Given data »
********

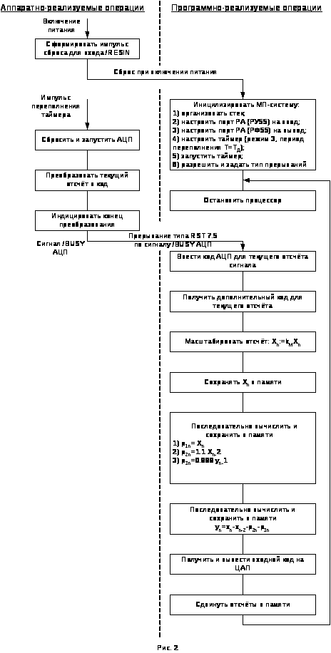 Последующие операции (ввод, вывод, преобразование кодов, оперативные обращения к памяти, арифметические преобразования) в каждом цикле работы фильтра выполняются под управлением рабочей программы фильтра.
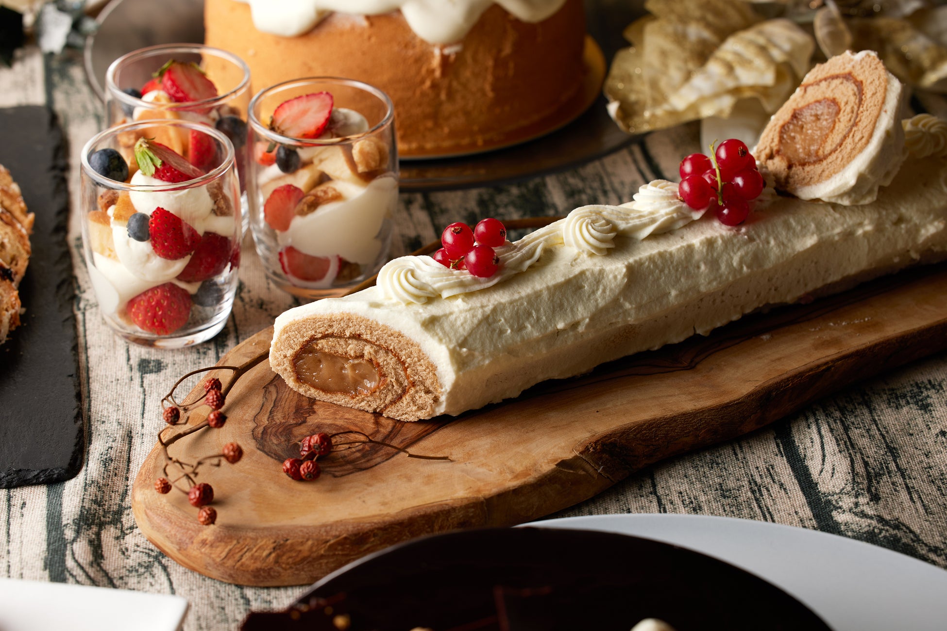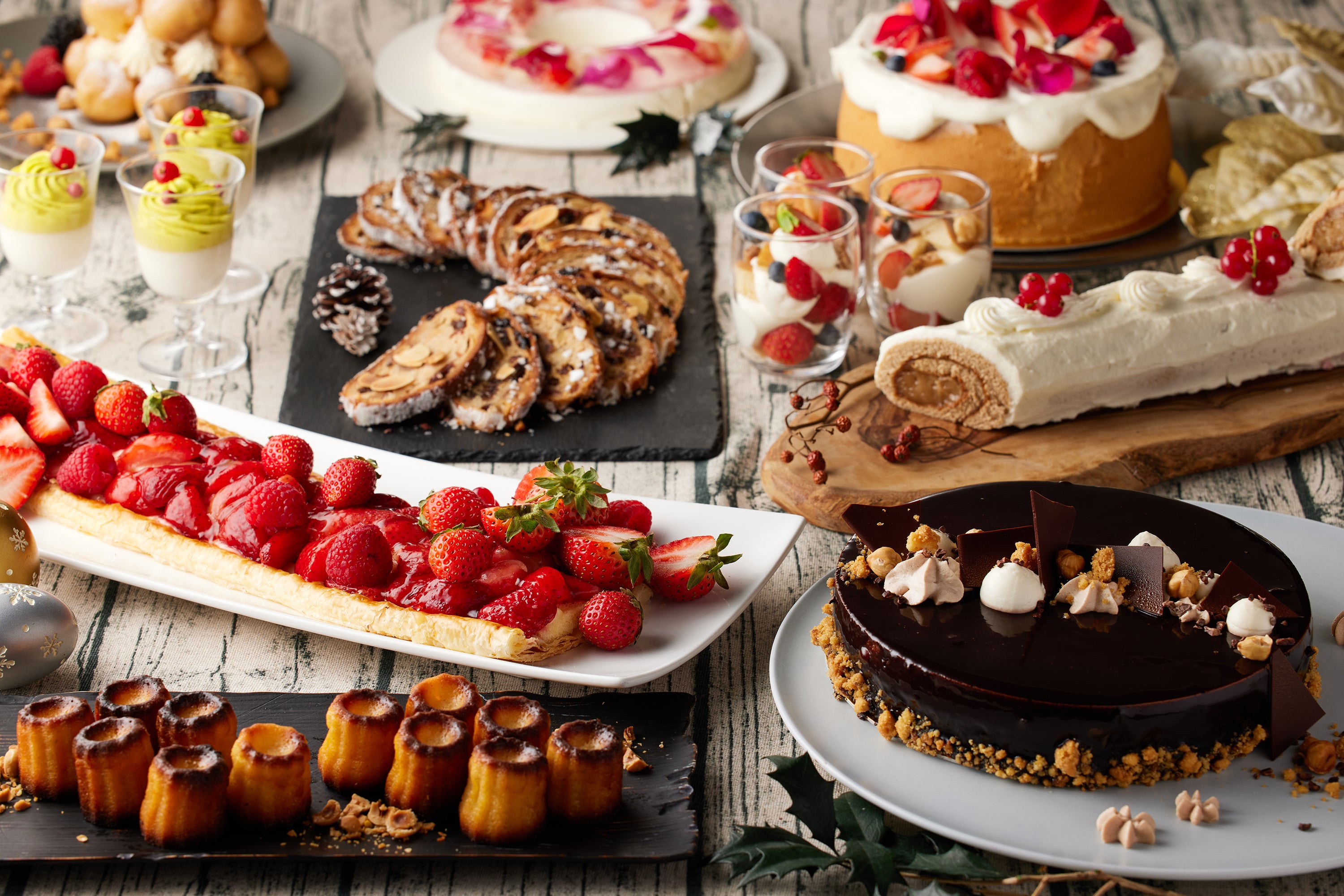 クリスマスの大定番“ブッシュ・ド・ノエル”や“ショートケーキ”など華やかなデザートブッフェと、お好みのメニューを組み合わせて楽しむ
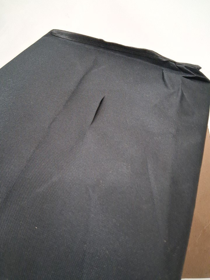 Assembly marks on various pieces Bag has a cut on the underside, but due to the fabric pad inside nothing will fall through it

********

The task »
Please give all of the data again, exact and free of pictures.

Answer below »
 Последующие операции (ввод, вывод, преобразование кодов, оперативные обращения к памяти, арифметические преобразования) в каждом цикле работы фильтра выполняются под управлением рабочей программы фильтра.
 クリスマスの大定番“ブッシュ・ド・ノエル”や“ショートケーキ”など華やかなデザートブッフェと、お好みのメニューを組み合わせて楽しむ
 Assembly marks on various pieces Bag has a cut on the underside, but due to the fabric pad inside nothing will fall through it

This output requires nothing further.